One of the first questions I ask is “what is your child drinking?” And alas, we find that much of the caloric intake for the day comes from sugary drinks like juice, soda, frappuccinos, and more.
Some tips to help you get started:
- If your kids are hooked on juice or flavored milk, you can wean them off from too much by gradually making changes, such as adding water to juice or adding plain milk to flavored milk, so that their taste buds will gradually adjust and learn to like the less sweet varieties.
- You can also set boundaries about when kids can have certain beverages. For example, as kids age, the panel recommends that they only consume milk at mealtimes and water in between for thirst. This helps to limit the total amount of milk they’re consuming, while also ensuring they’re getting enough water every day.
- And to entice them to drink more water, you can add fresh sliced fruit to plain water, or squeezing lemons/limes (for example) into water.

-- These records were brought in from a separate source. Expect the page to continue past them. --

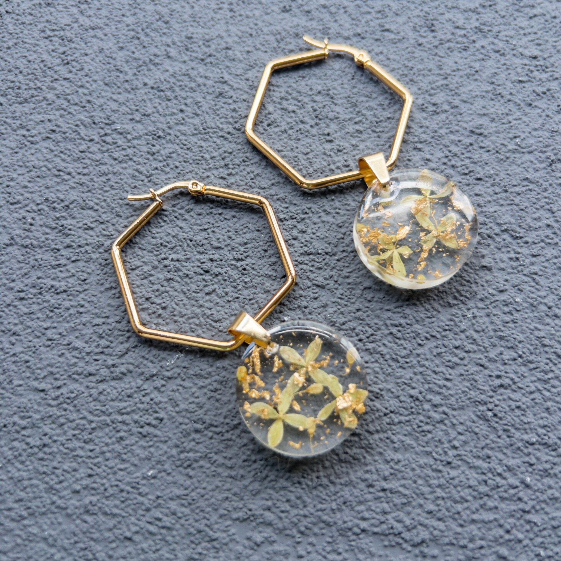 Pétalos de Chorrito de Luz, encapsulados en resina. Argolla y herrajes de acero inoxidable.
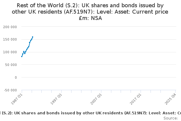 Download this time seriesRest of the World (S.2): UK shares and bonds issued by other UK residents (AF.519N7): Level: Asset: Current price £m: NSA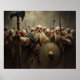 An imposing group of armored warriors with long beards and determined expressions advances with weapons in hand. Their rugged attire, featuring shields and axes, gives a sense of readiness for battle.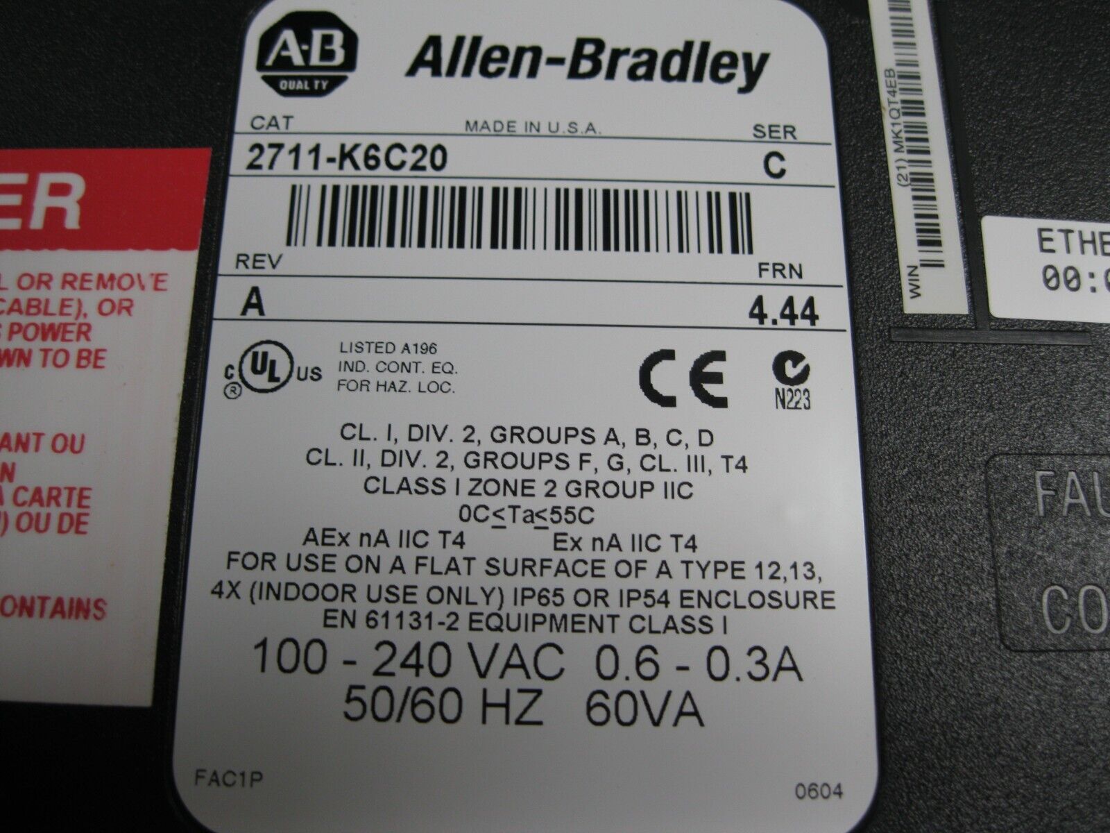 Allen-Bradley 2711-K6C20 Ser C Panelview 600 Color Terminal D19
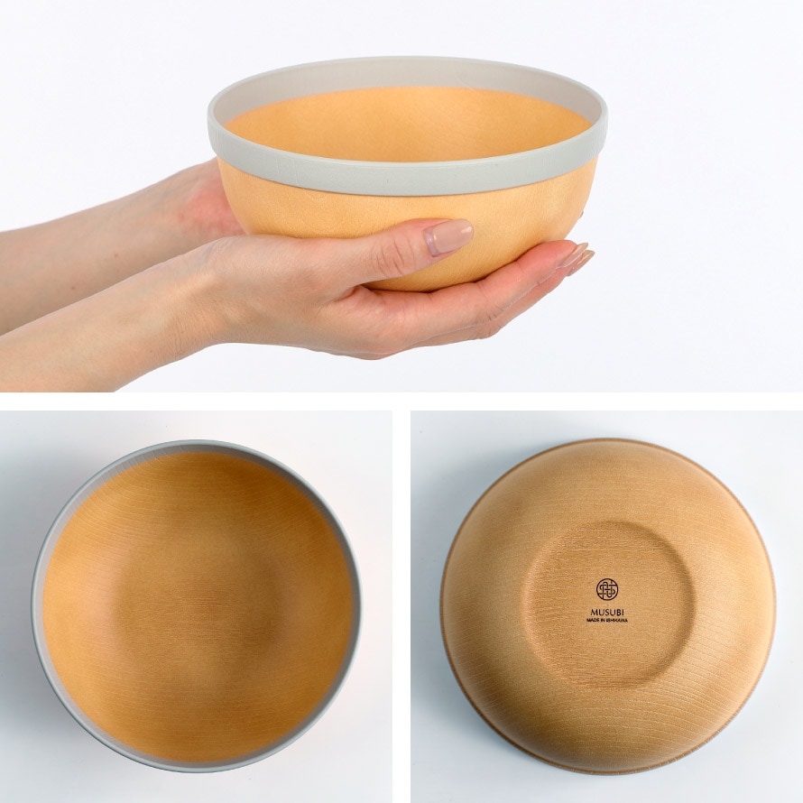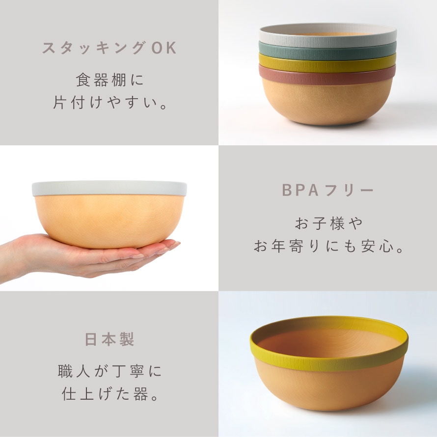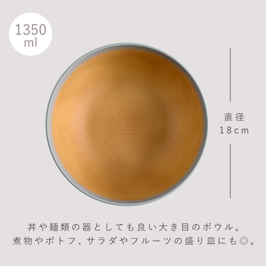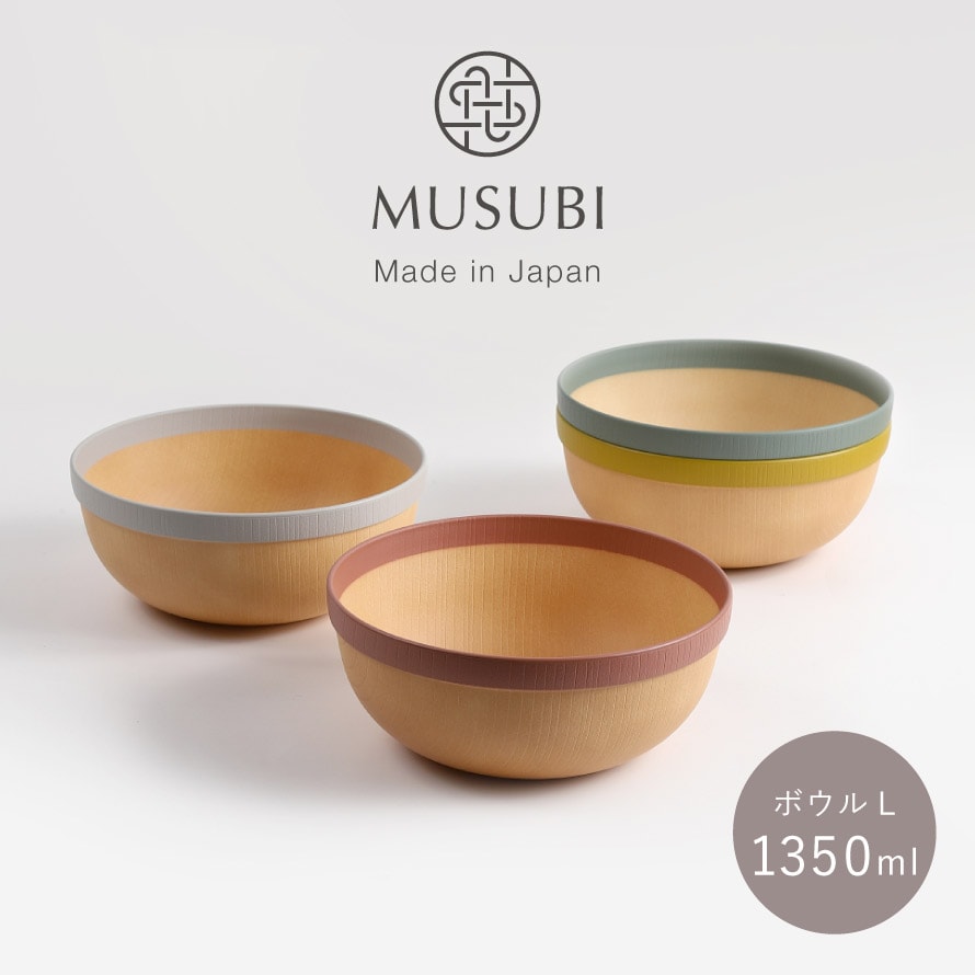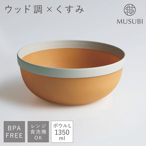ボウル 食器 皿 大きめ 大鉢 1350ml 食器 食洗機対応 レンジ対応 木目調 BPAフリー 割れない 軽い スタッキング 日本製 おしゃれ MUSUBI 塗分け ボウル L くすみカラー 大容量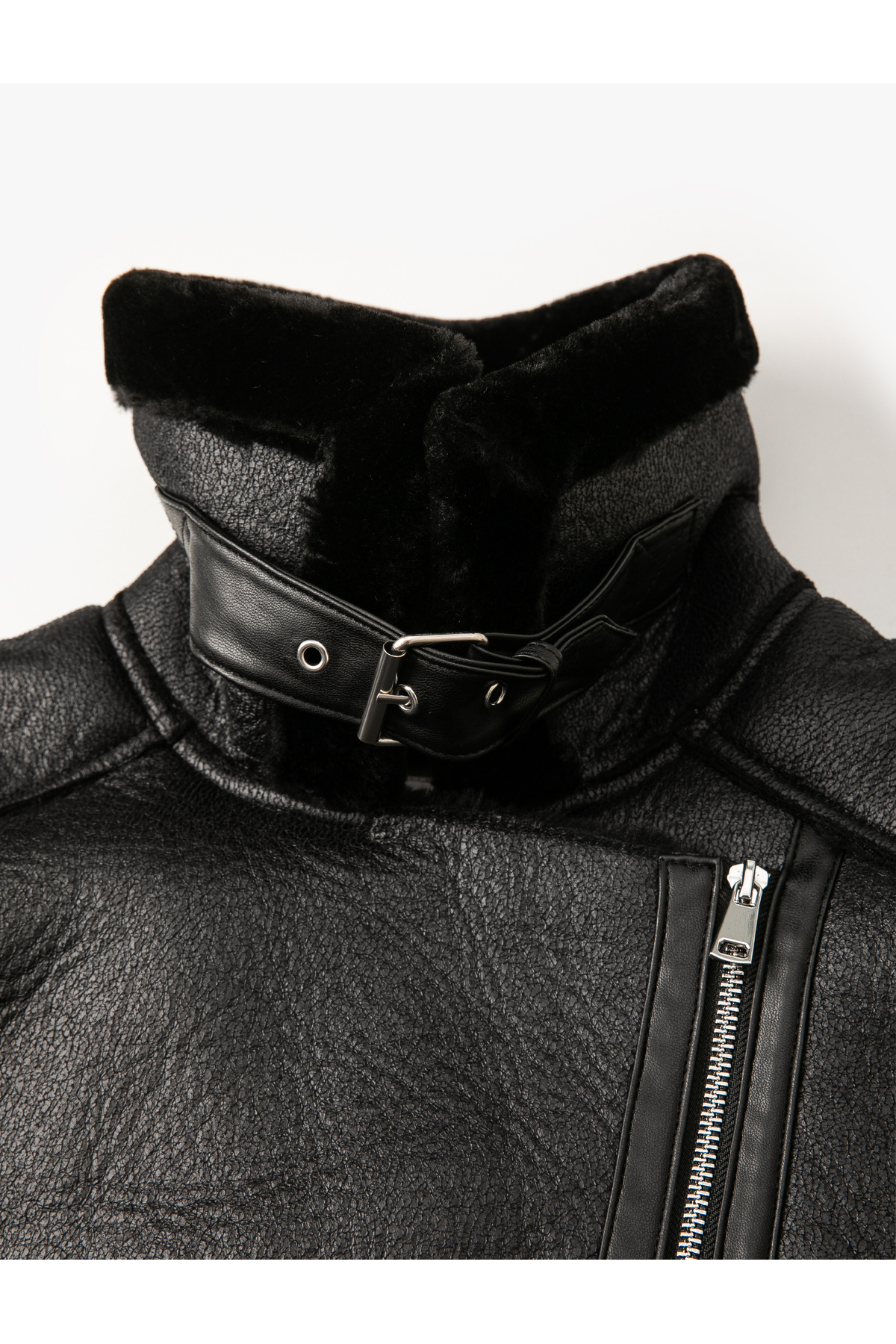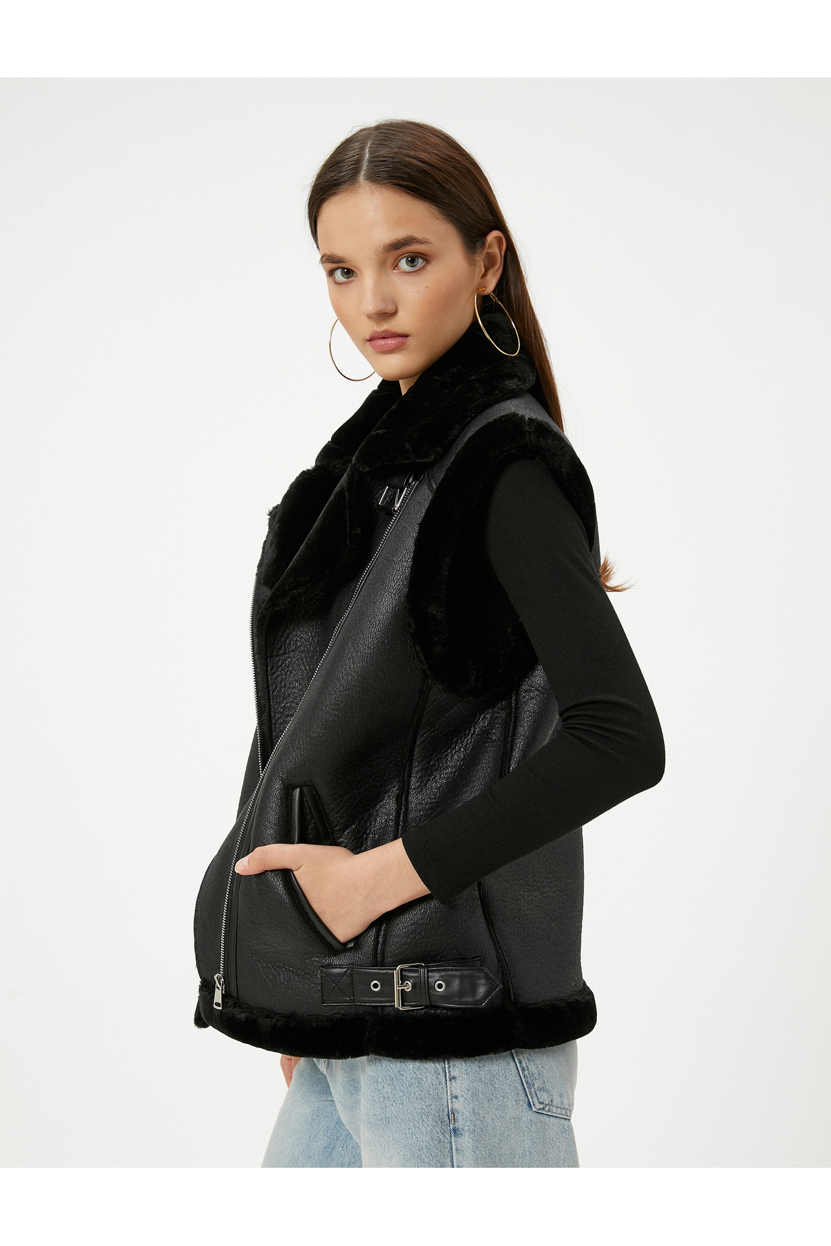 Suni Deri Uzun Biker Yelek Yakası Kürklü Fermuarlı Cepli Suni Deri Uzun Biker Yelek Yakası Kürklü Fermuarlı Cepli 5WAL20009IW 42

These tips and more can be found on HealthyDrinksHealthyKids.org
My tips to get kids to drink more water:
1. Make the water taste good. If you live in an area where the water “tastes funny” you need a water filter. Remember me in college? The water tasted horrible and my inexpensive Brita filter fixed that issue. It’s really hard to drink a lot of something that doesn’t taste good. I also have this portable filtration bottle that I can take anywhere. Airport water fountains? check.
I love adding fresh fruit to water to give it more flavor. I feel like I’m a spa when I drink it. Not all kids like lemon in their water so I experiment with berries and oranges. My daughter also loves fresh mint leaves in her water.
2. Make water pretty. Water should not be pink, blue, purple, or any other color. Make the water pretty by adding fresh fruits or these awesome fruit cubes!
3. Make water portable. Since my kids were young, they’ve carried their own stainless steel water bottle everywhere they went. This is something that I do as well, and it sets a reminder for everyone to drink throughout the day.
Understanding the healthy drink recommendations for our children is essential so that we can help them at a young age establish healthy habits.
Years ago, our feeding therapist suggested I offered my son, who was 3 at the time, water each time he asked for a snack. After his thirst was quenched, I would ask him “are you still hungry?” Oftentimes it was a clear “no” and it was thirst all along -especially times where he had eaten a snack not long before.
Getting our kids to reduce their added sugars is a great first step towards their health which is why understanding the drink recommendations is important since many of these added sugars are hiding in these drinks.
I’m happy that today there are organizations like Healthy Eating Research that make it a priority to unite experts and share one clear message to all of us parents.For more information on the research, how you can visit HealthyDrinksHealthyKids.org.
As always, consult with your health care provider about your child’s individual needs (specific diets, allergies, intolerances, etc).